Well, he’d had bad trips before and had learned the hard way to “go with it,” so he sat down well out of the bitterly snapping wind and said, — Okay, I’m listening. Go ahead. There was a pause; then he said, — I suppose this has to do with the green man. He’s been on my mind a lot today.
— Righto, said the ghost.
— Before we go on, said Egress, — do you mind telling me who you are?
— You can call me Bob or Jack, whichever you prefer. It doesn’t matter, because I’m only a messenger. We’ve never met before and I rather doubt if we’ll ever meet again.
— Okay, Bob or Jack, shoot, Egress said.
5.
After Bob or Jack had given Egress the message, which, he told him, was a “plan” from a “source” whose identity he “could not reveal,” Egress went down from the parapet, caught a car for the airport, and flew to London, where it was morning. The sun shone and birds sang. For the first time in months, young Egress was elated.
Inside the cab from the airport, he snorted more coke and went straight to where his friends lived, in an elegant, brick townhouse near Grosvenor Square. They were all members of a world-famous rock band from California called The Sons of the Pioneers. In the last few years their most popular songs had been written by Egress.
— Hey, man! they all cried when they saw him. — What’s happening? they sang.
— Hey, man! he answered.
— Far out! they exclaimed. Then they all sat down on the floor in the middle of the classically proportioned drawing room designed by Sir Christopher Wren and snorted some coke together.
— Good dope, they agreed.
6.
Egress showed them the lyrics to the song that he wanted The Sons to record and release as a single as soon as possible. He told them it was part of a “plan” he had. Then he hummed the melody. — What do you think? he asked.

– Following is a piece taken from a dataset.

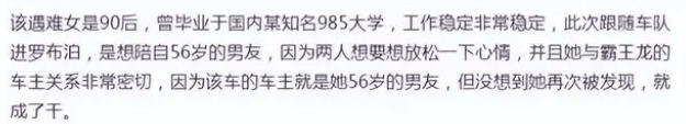就在8月3日,有网友爆料,一个车队组织去罗布泊探险,最终有4人遇难,其中就包含一位正值青春年华的女孩。知情人爆料,她是一位白富美,家里不但有钱,而且学历也很高,毕业于985。

— Far out, said Mick. He was the spokesman for the group. The others nodded enthusiastic approval.
Together, they went upstairs to the recording studio and prepared their instruments. Egress stood in a corner and coughed on his sleeve, which by now was covered with a thick crust of dried phlegm and blood.
— Hey, man, you gotta do somethin’ about that cough, Mick called to him.

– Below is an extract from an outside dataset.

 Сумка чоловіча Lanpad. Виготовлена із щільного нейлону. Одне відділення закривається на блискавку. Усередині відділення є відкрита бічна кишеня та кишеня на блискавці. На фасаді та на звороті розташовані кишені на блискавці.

— I guess so, Egress said. — Anybody got a clean shirt I can borrow? he yelled. Then he laughed long and loud, which made The Sons of the Pioneers very nervous.
7.
BALLAD OF THE GREEN MAN
(to the tune of “Battle Hymn of the Republic”)
Mine eyes have seen the glory
of the coming of the Lord;
He is trampling out the vintage
where the grapes of wrath are stored;
He hath loos’d the fateful lightning
of His terrible swift sword,
His truth is marching on.
I have seen Him in the watchfires
of a hundred circling camps;
They have builded Him an altar
in the ev’ning dews and damps;
I can read His righteous sentence
by the dim and flaring lamps,
His day is marching on.
I have read a fiery gospel
writ in burnish’d rows of steel;
‘As ye deal with my contemners,
so with you My grace shall deal’;
Let the Hero, born of woman,
crush the serpent with his heel,
since God is marching on.
Chorus:
Glory, glory Hallelujah!
Glory, glory Hallelujah!
Glory, glory Hallelujah!
His truth is marching on.
8.
The group sang and performed the song well, but the experience left them shaken, Egress included. It was an aggressively antisocial song, and they knew it.